And perhaps most radically, we stop being we. I am not the center of my
dream, but just one trajectory intersecting the dream.
*zzzzz* Desire as productive, creating breaks in the flow and connecting
one desiring machine to another.
*zzzzz* Dreams/nightmares as productive, and what they are producing and
how does this work? Careful, does each dream produce a singularity, or can
we abstract and generalize since we have all been caught in the same habits
of western culture?
*zzzzz* Dreams/nightmares in their different phases of deterritorialization
of subjective space, their territorialization of brain space, the
teterritorialization of ?
*zzzzz* If you must remain psychoanalytic, how about a slight shift?
Instead of seeing nightmares as a failure of the censor, what happens if we
posit that the nightmare is a deflection of something so ungraspable that
it can only be said to be a successful censoring of that experience.
*zzzzz* Dreams/Nightmares as ruptures between the binary thinking of
conscious/unconscious, wake/sleep, aware/not aware, here/not here?

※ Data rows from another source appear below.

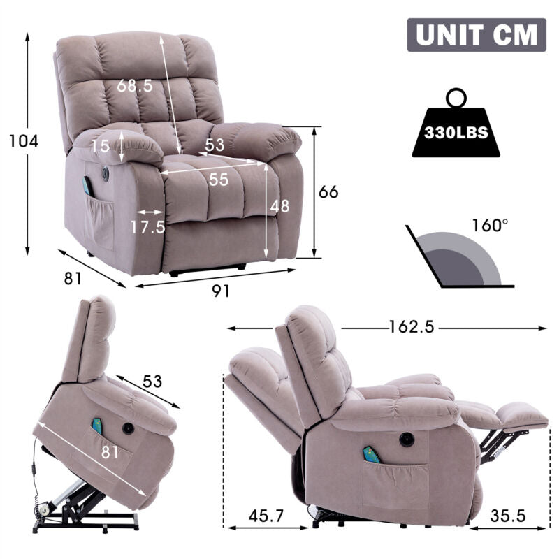 Electric Power Lift Recliner Chair Riser Sofa w/ Massage Heat Function Armchair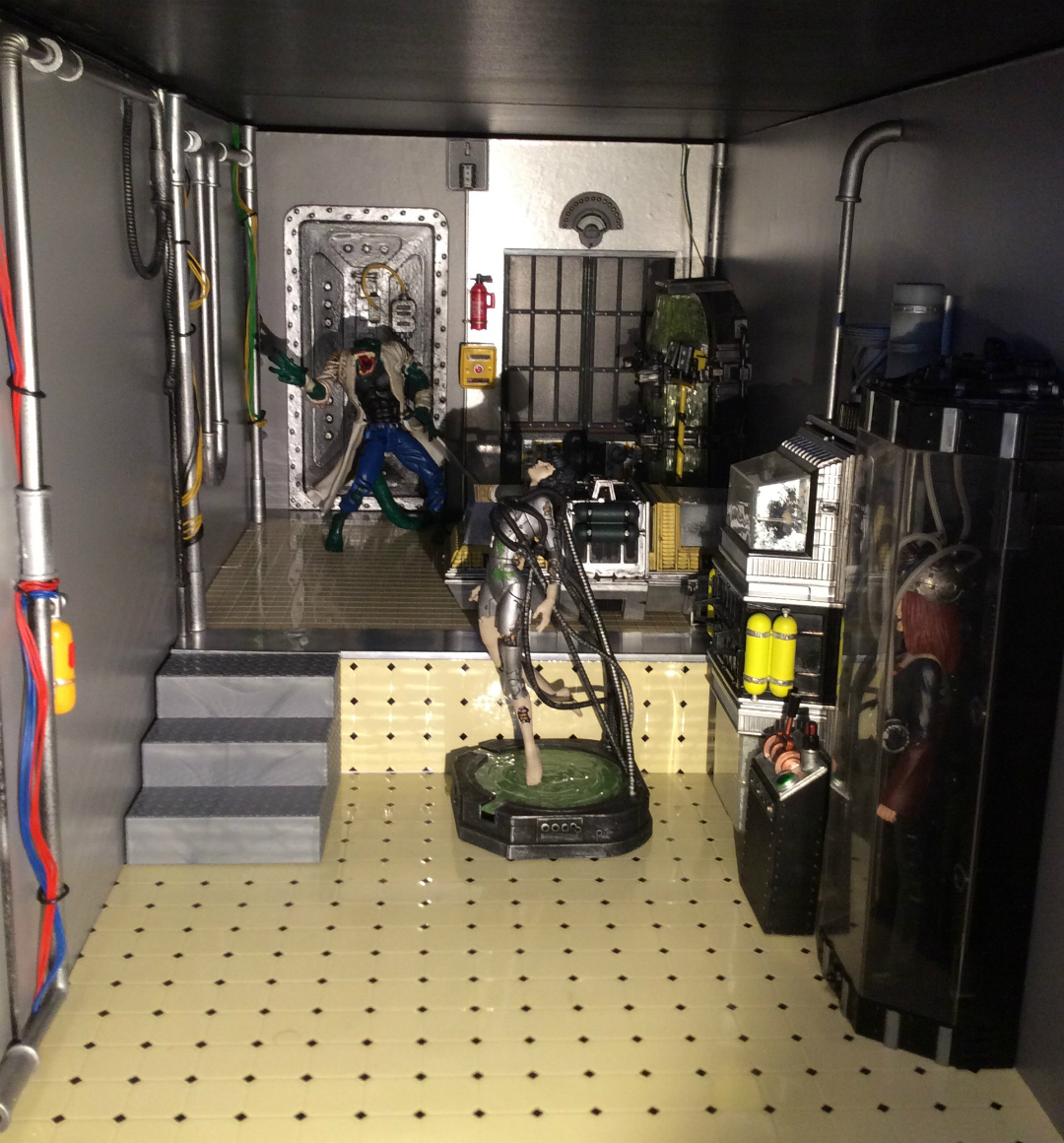 Action figure dollhouse laboratory tube room full view WIP by Suzanne Forbes April 2018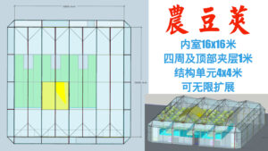 這是專門爲大型種養植的農場設計的,骨架全部採用直邊直麵的設計,製作容易,搭建簡單。唯一具有挑戰性的是雙層膜的縫製和如何使其與骨架銜接。與小型的種養屋相似,所有的魚池和沙床都是用兩面塗敷矽膠的軟膜製作的。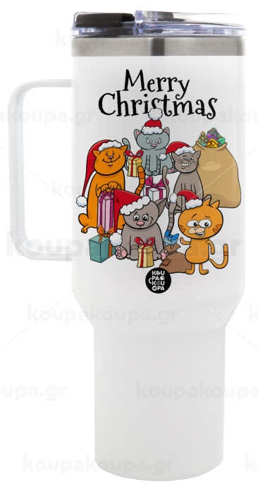 Merry Christmas Cats, Mega Stainless steel Tumbler with lid, double wall 1,2L

*zzzzz* What might have young Felix or Gilles have thought to themselves
when they first had to tackle Descartes Dream problem about reality and
knowing?
*zzzzz* How might the dream/nightmare be seen as a co-patriot of
disfamiliarization?
In ancient Delphi, people would sleep on the steps of the temple of Apollo,
seeking (incubating) the dream that would allow them access to the oracle
inside. Mythically, this access to the truth was a later imposition of
Apollo on a pre-Greek people who practiced dance and rites that were
assigned by the Greeks to Dionysos. Pan is one of his entourage and was
said to have taught Apollo dream work at Delphi. In the Dionysian groups,
the questions or problems, if that is what they really were, were danced
along the hillsides and meadows and involved transformations in ecstasy.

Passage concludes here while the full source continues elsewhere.